When asked about the discrepancies between Reynolds’s stated vision and his set, Schug gave a good-natured laugh.
“Well, first off, I have no clue what Francine’s vision is most of the time,” he said. “I just like having the play anchored somewhere, as opposed to all off in some other place, some other time, something we can’t really relate to.”
The design’s multiple playing areas were intended to help with the show’s quick pace, he pointed out, so the production wouldn’t get slowed down by moving things on and off the stage during the numerous scene changes. Schug also used the stage’s trap door and other mechanics to make set pieces appear and disappear quickly. But in addition to the practicality of the design, Schug’s set was attuned to the play’s message of common ground.
“I figured I would give everyone their own camp,” said Schug. “You can see each one of the characters in their own world, in their own living environment, and how they really aren’t that much different.

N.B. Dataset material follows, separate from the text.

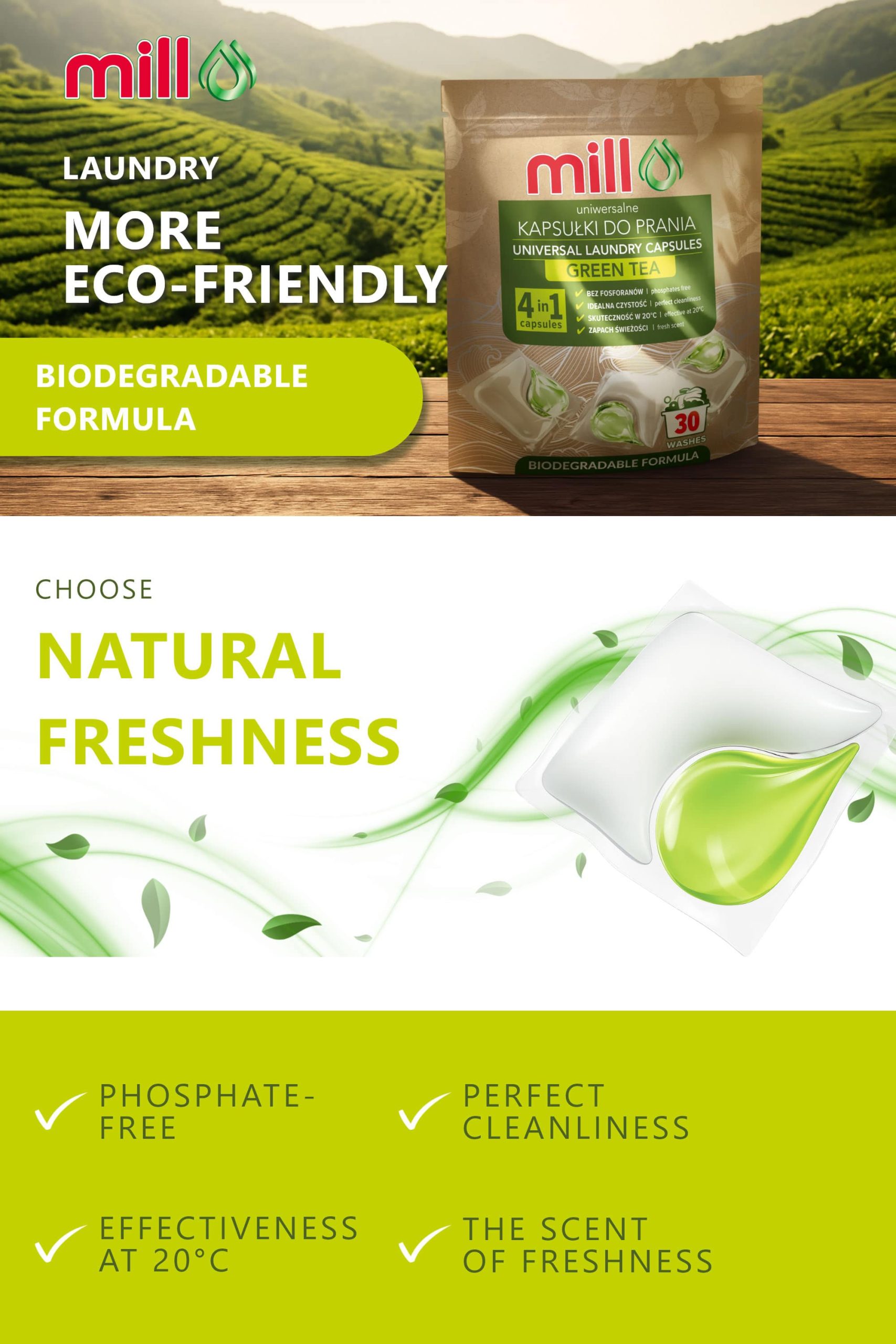 ECOMILL. Universal Laundry Capsules – Green Tea – 30 Capsules

They’re living literally right next door to each other on the stage set.”
On opening night the crowds turned out. The theatre was nearly full (if not quite sold out) at the opening curtain, and a pre-show forum on “Strength, Community, and Real Progress for Today,” hosted by the William Winter Institute for Racial Reconciliation, packed the theatre’s meeting room and ran right up to the play’s scheduled start time. Reynolds seemed a little harried but relieved.
“I hate a late curtain,” she declared, rushing from the meeting room to the mainstage. “But oh well!”
Actors Blackwell and Duncan came out swinging, establishing their characters as powerful forces. Neither showed a hint of weakness in the face of the other’s scorn and loathing. Between them was Myles, as the ever-cool Riddick, unfazed by the anger swirling around him. Apart from it all was Mary, played by Wilkinson—a reminder that amid the battles over policy and politics, the bills still have to get paid and the diapers still have to get changed.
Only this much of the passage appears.